===== THE DATA =====

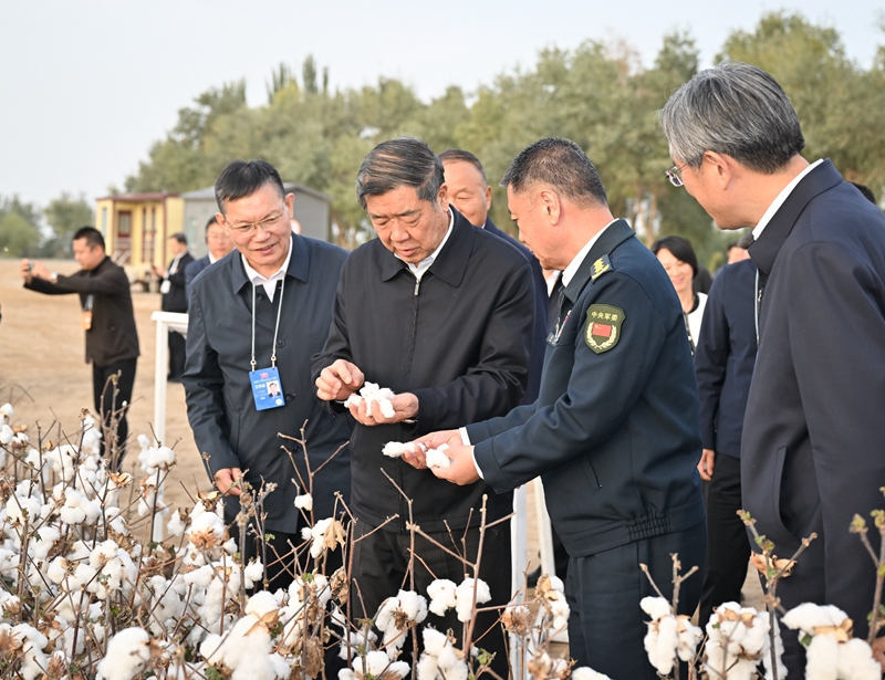 10月8日,中共中央政治局委员、国务院副总理、中央代表团团长何立峰率中央代表团来到新疆生产建设兵团九师白杨市和一师阿拉尔市慰问调研。这是何立峰率中央代表团在一师阿拉尔市10团18连机采棉作业现场,调研兵团现代化农业生产及农业机械装备制造情况,观摩机采棉现场作业。新华社记者 李响 摄
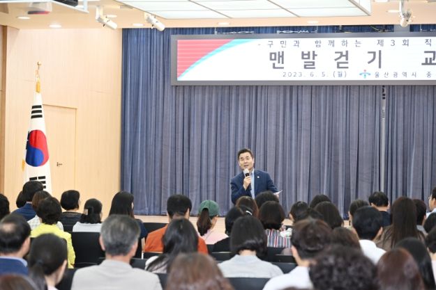 [제주교통복지신문 김강석 기자] 울산 중구가 5일 오후 2시 중구청 대회의실에서 직원 및 구민 300여 명을 대상으로 맨발걷기에 대한 교육을 진행했다.
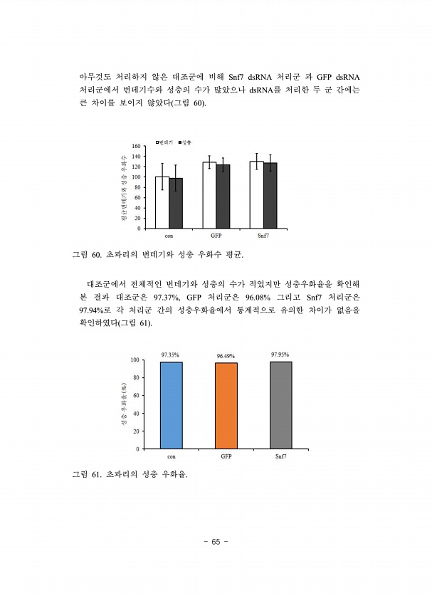 65 아무것도 처리하지 않은 대조군에 비해 Snf7 dsRNA 처리군 과 GFP dsRNA 처리군에서 번데기수와 성충의 수가 많았으나 dsRNA를 처리한 두 군 간에는 큰 차이를 보이지 않았다 그림 60 그림 60. 초파리의 번데기와 성충 우화수 평균. 대조군에서 전체적인 번데기와 성충의 수가 적었지만 성충우화율을 확인해 본 결과 대조군은 97.37%, GFP 처리군은 96.08% 그리고 Snf7 처리군은 97.94%로 각 처리군 간의 성충우화율에서 통계적으로 유의한 차이가 없음을 확인하였다 그림 61 그림 61. 초파리의 성충우화율.
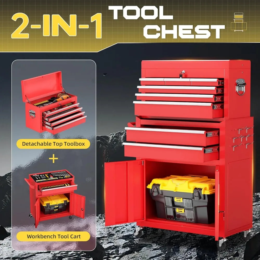 Rolling Tool Chest with Lock Detachable Cabinet Cart Wheels
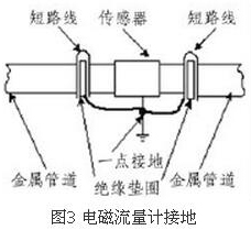 (4)盡量避開(kāi)振動(dòng)源、磁源(大功率電機(jī)、變壓器)由于dn200電磁流量計(jì)的測(cè)量感應(yīng)電壓很小,電壓較低,易受外界電磁噪聲的影響,故在安裝時(shí)應(yīng)進(jìn)行可靠的接地連(跨)接。金屬管道dn200電磁流量計(jì)接地連(跨)接方法如圖3所示
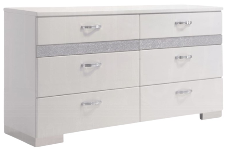 The ACME Furniture Naima II White Dresser combines style and functionality with its sleek design and bright finish. It features six spacious drawers and two hidden jewelry drawers, offering ample storage while maintaining a clean, refined look. A perfect blend of practicality and elegance for any bedroom.Read More
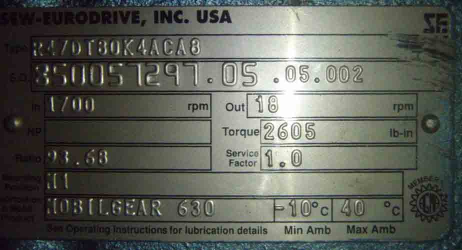 Ratio: | 93.68 | Service Factor | 1 | |||||

=====

● **INSTRUCTIONS FOR THE TASK**: Write the lines above out again exactly, without any of their pictures.

● **TASK RESULT**:
 10月8日,中共中央政治局委员、国务院副总理、中央代表团团长何立峰率中央代表团来到新疆生产建设兵团九师白杨市和一师阿拉尔市慰问调研。这是何立峰率中央代表团在一师阿拉尔市10团18连机采棉作业现场,调研兵团现代化农业生产及农业机械装备制造情况,观摩机采棉现场作业。新华社记者 李响 摄
 [제주교통복지신문 김강석 기자] 울산 중구가 5일 오후 2시 중구청 대회의실에서 직원 및 구민 300여 명을 대상으로 맨발걷기에 대한 교육을 진행했다.
 65 아무것도 처리하지 않은 대조군에 비해 Snf7 dsRNA 처리군 과 GFP dsRNA 처리군에서 번데기수와 성충의 수가 많았으나 dsRNA를 처리한 두 군 간에는 큰 차이를 보이지 않았다 그림 60 그림 60. 초파리의 번데기와 성충 우화수 평균. 대조군에서 전체적인 번데기와 성충의 수가 적었지만 성충우화율을 확인해 본 결과 대조군은 97.37%, GFP 처리군은 96.08% 그리고 Snf7 처리군은 97.94%로 각 처리군 간의 성충우화율에서 통계적으로 유의한 차이가 없음을 확인하였다 그림 61 그림 61. 초파리의 성충우화율.
 Rolling Tool Chest with Lock Detachable Cabinet Cart Wheels
 (4)盡量避開(kāi)振動(dòng)源、磁源(大功率電機(jī)、變壓器)由于dn200電磁流量計(jì)的測(cè)量感應(yīng)電壓很小,電壓較低,易受外界電磁噪聲的影響,故在安裝時(shí)應(yīng)進(jìn)行可靠的接地連(跨)接。金屬管道dn200電磁流量計(jì)接地連(跨)接方法如圖3所示
 The ACME Furniture Naima II White Dresser combines style and functionality with its sleek design and bright finish. It features six spacious drawers and two hidden jewelry drawers, offering ample storage while maintaining a clean, refined look. A perfect blend of practicality and elegance for any bedroom.Read More
 Ratio: | 93.68 | Service Factor | 1 | |||||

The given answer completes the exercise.